Perhaps church officials will institute a “pray away the MMJ” program to make this whole medicinal cannabis thing disappear. It won’t happen because the reality is more people would be comfortable with legalized medicinal cannabis than legalized gay marriage.

Look, I have no problem with whichever faith you embrace, just do so in your house of worship and not on my doorstep or in a city, county, state or federal government office.

The church has neither scientific nor practical experience with cannabis, yet it insists on inflicting its demands on our elected officials and the public at large.

The comforting news is that at some time – sooner than later – this will all go away because voters will side with science about the palliative properties of cannabis as both a medicinal and recreational alternative that better serves the public than alcohol, tobacco or any other illicit substance.

It will no longer be a matter of a church dangling salvation as the influencing factor because voters seem poised to sweep the measure into law by a landslide. According to recent polls, 77 percent of Utahns support the measure, meaning it should easily pass here in November.

As far as cannabis legalization is concerned, the Utah measure is Pot Light.

You won’t be allowed to cultivate your own cannabis and you won’t be allowed to smoke it.

There is, apparently, concern about the number of Utahns that may qualify for a medical cannabis prescription.

I will take what the church and Coalition for a Safe and Healthy Utah, Drug Safe Utah or whatever the puppets at Kirton McConkie say seriously when they express equal concern about the number of Utahns who already qualify for an opioid prescription or a Xanax, Valium or Ativan prescription.

I will believe the Utah Medical Association, Utah Eagle Forum, Sutherland Institute, Utah Prevention Coalition Association, various behavioral health groups, Utah Narcotics Officers Association, Utah Chiefs of Police and other law enforcement groups and “concerned citizens” have our best interests at heart when they speak for themselves and do not parrot the official remarks attributed to church authorities.

I will get off the backs of our legislators when they reflect the will of the people instead of bowing to a theocracy.

And, I will give some genuine cred to the church, the Legislature and voters when they realize that, well, not everything coming from California is bad.

I have had my problems with the state over the years.

There was the little matter of Gov. Ronald Reagan.

There was a matter of the riots – from the Watts riots to the so-called Rodney King Riots.

There’s this plastic façade with little substance, depth or intellect that infects so many and has earned Los Angeles, rightfully so, in some respects, the pseudonym of La-La Land.

Then, there are all those nasty earthquakes.

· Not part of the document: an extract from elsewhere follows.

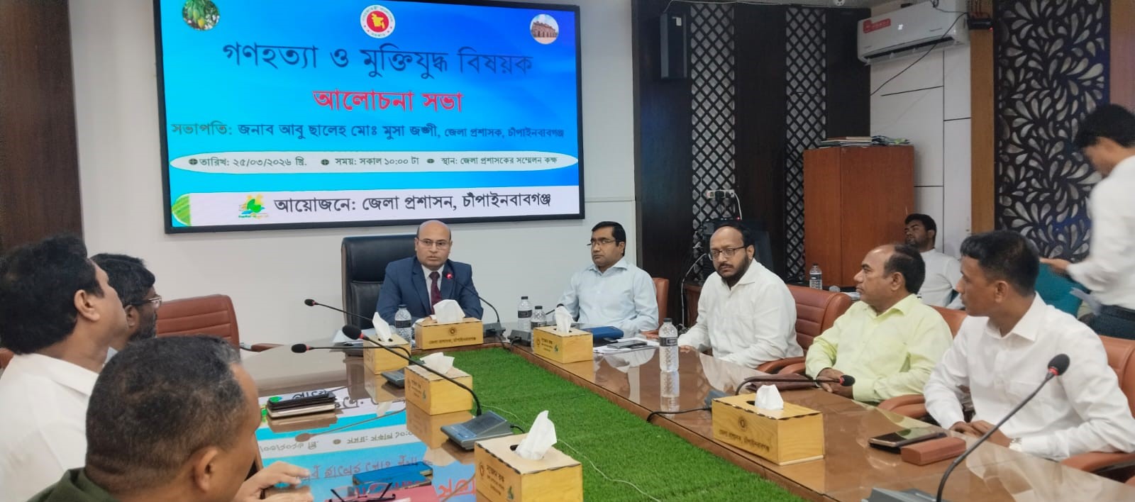 চাঁপাইনবাবগঞ্জে যথাযোগ্য মর্যাদায় ২৫ মার্চ গণহত্যা দিবস পালিত হয়েছে। দিবসটি উপলক্ষে জেলা প্রশাসনের উদ্যোগে গণহত্যা ও মুক্তিযুদ্ধ বিষয়কের আলোচনা সভা অনুষ্ঠিত হয় । বুধবার (২৫ মার্চ) সকাল ১০টায় জেলা প্রশাসকের সম্মেলন কক্ষে জেলা প্রশাসক আবু ছালেহ মোঃ মুসা জঙ্গীর সভাপতিত্বে গণহত্যা ও মহান মুক্তিযুদ্ধ বিষয়ক এক আলোচনা সভা অনুষ্ঠিত হয়।

But, there’s the California economy – fifth-largest in the world that just last month added 39,300 new jobs with a record-low unemployment of 4.2 percent.

There’s the weather, of course, and scenic beauty that compares with anywhere, including Utah. Don’t believe me? Go explore the Eastern Sierras. Pines are every bit as beautiful as red rock.

And, even though California Democrats outnumber Republicans 44 percent to 29 percent, the state is not the poster child for liberalism some would lead you to believe. Just ask Diane Feinstein or Nancy Pelosi, who are not necessarily shoo-ins any longer.

But, California does have a progressive trajectory among its Democrats and Republicans that intersected in 1996 when it voted to legalize cannabis for medicinal purposes and, again, last year, legalizing it for recreational use.

And, guess what?

The world didn’t end.

Utah will be just fine, thank you, with legalized medicinal cannabis no matter what the hysterical theocracy says.

And, we can all thank California for leading the way.

Ed Kociela is an opinion columnist. The opinions stated in this article are his and not representative of St. George News.